Глухая рамень - Александр Патреев 5 стр.


- Вот что, Ефрем Герасимыч… вижу, что вы оба повесили головы. Неужели так безнадежно? Не думаю. Кудёмовские врачи неплохие: что надо, предпримут, а если и случится что, руки-то все же опускать не полагается. Если горе согнуло человека, значит в нем крепости не было… Тебя я считал крепким, а жену - поддержи… Еще вот что… будешь в Ольховке, побывай в семьдесят второй даче, - нельзя ли передвинуть ставеж пониже, чтобы вязать плоты прямо на льду?.. Я припоминаю это Староречье: пойма широкая, берег отлогий, простор есть… А в Ольховке людей копни поглубже: заведующий обозом там… себя ведет подозрительно, и жалобы поступили…

Бережнов собрался уходить, но у порога задержался еще на минуту:

- Петр Николаич чего-то не захотел в Ольховку, а я посылал… Мне это не понравилось. Не поехал, отговорился… Очень странно… Как ты думаешь: в чем тут причина? - спросил он озабоченно.

- Не знаю… Ведь и здесь делов всяких много.

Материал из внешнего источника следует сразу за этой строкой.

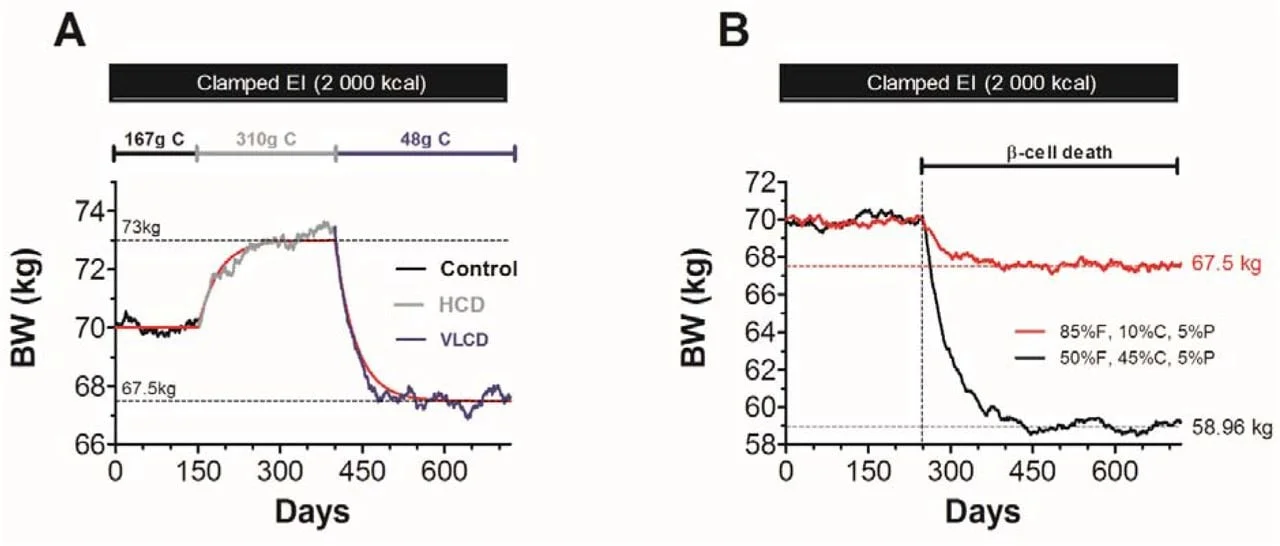 Sen jälkeen henkilö rupeaa noudattamaan Atkins-tyyppistä ruokavaliota eli runsaasti rasvaa, hyvin niukasti hiilihydraatteja ja normaalisti proteiinia mutta energiansaanti pysyy samana: F 75%:a, C 10 %:a ja P 15 %:a. Henkilön paino lähtee selkeään laskuun, sillä tällä kertaa ”Mass In” on vähentynyt, vaikka energiansaanti on pysynyt edelleen samana.

Проводив Бережнова, Сотин запер сенную дверь, вернулся в комнату и сказал жене:

- Ты ложись, я посижу с ним. А часа в три меня сменишь.

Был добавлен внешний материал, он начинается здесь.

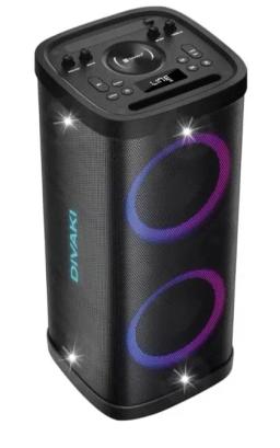 DIVAKI DT-R800B akustiki ulgamy — bu sazynyň ähli çuňlugyny we güýjüni duýmak isleýänler üçin döredilen ýokary öndürijilikli göçme kalonkadyr. Uly häsiýetnamalary we döwrebap funksiýalary arkaly, ol islendik çäräniň merkezine öwrülip, professional seslenmäni we ýagty atmosferany üpjün eder. Partlaýjy kuwwat: Ýokary çykyş güýji hili ýitirmezden hatda uly otaglary we açyk meýdançalary hem seslendirmäge mümkinçilik berýär. Çuň bas: Dinamikalaryň ýörite gurluşy her bir aýdymy sözüň doly manysynda janlandyrýan baý pes ýygylyklary üpjün edýär. Simsiz erkinlik: Döwrebap Bluetooth moduly smartfonyňyz ýa-da planşetiňiz bilen uly aralykda durnukly baglanyşygy kepillendirýär. Karaoke tertibi: Mikrofonlary birikdirip bolmagy bu kalonkany wokal çykyşlary we baýramçylyklar üçin kämil saýlawa öwürýär. Uzak awtonomlyk: Göwrümli akkumulýator rozetka gözlemezden sagatlap saz diňlemäge mümkinçilik berýär. Yşyk şousy: Gurnalan dinamiki yşyklandyryş sazyň ritmine görä wizual utgaşmany döredip, islendik ýeri tans meýdançasyna öwürýär.

Игорь лежал тихо, закрытый до подбородка ватным одеялом: спутанные кольчики волос казались потными, тени от длинных сомкнутых ресниц обозначились резко, по временам он будто всхлипывал, сипел от удушья. Отец легонько тронул рукою его лоб, потом висок. - ребенка знобило. Он снял с себя пиджак и поверх всего одел маленького: хотелось согреть его, - быть может, вместе с теплом придет и облегченье…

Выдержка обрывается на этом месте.